RECORDS SHOWN below:

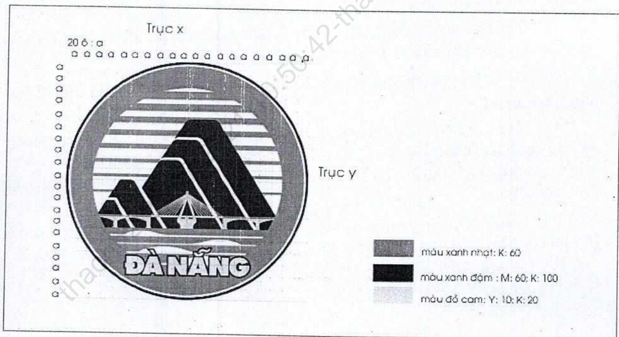
Hình 04. Mẫu Biểu tượng đen trắng trên lưới tỷ lệ chuẩn với các chỉ số màu cơ bản

b) Các chỉ số kỹ thuật của các màu sắc trên mẫu Biểu tượng màu:
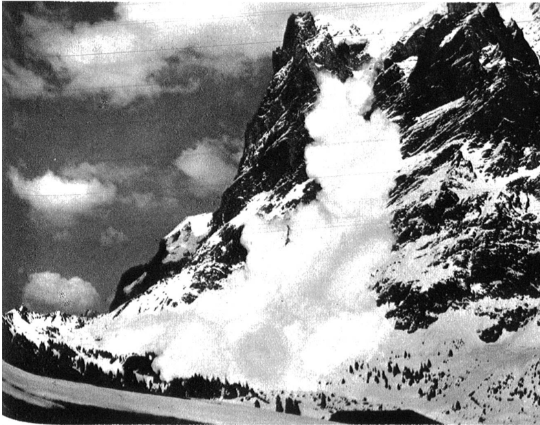
Die Wetterhorn-Lawine bei Grindelwald.
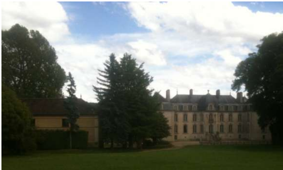
Façade d'entrée du Château de Jeurre.
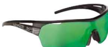
NERO - RW VERDE Black - RW Green
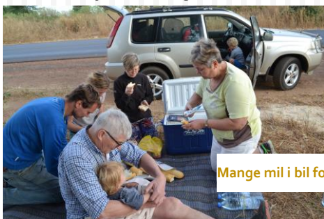
Mange mil i bil for å komme oss hit vi bor

Vi har hatt en veldig gledelig jul med veldig gledelig besøk av alle fire foreldrene våre. Jula har inneholdt både pinnekjøtt og et juletre med blinkende røde lys, et ukjent antall marsipangriser, freia melkesjokolader og brunost. Så vi har kooost oss!

End of RECORDS SHOWN.

> **PROBLEM TO SOLVE**
Exact copy, pictures excluded: every line above from the one containing "NERO - RW VERDE Black - RW Green" to the one containing "Mange mil i bil for å komme oss hit vi bor", inclusive, and nothing more.

> **WORKED SOLUTION**
NERO - RW VERDE Black - RW Green
Mange mil i bil for å komme oss hit vi bor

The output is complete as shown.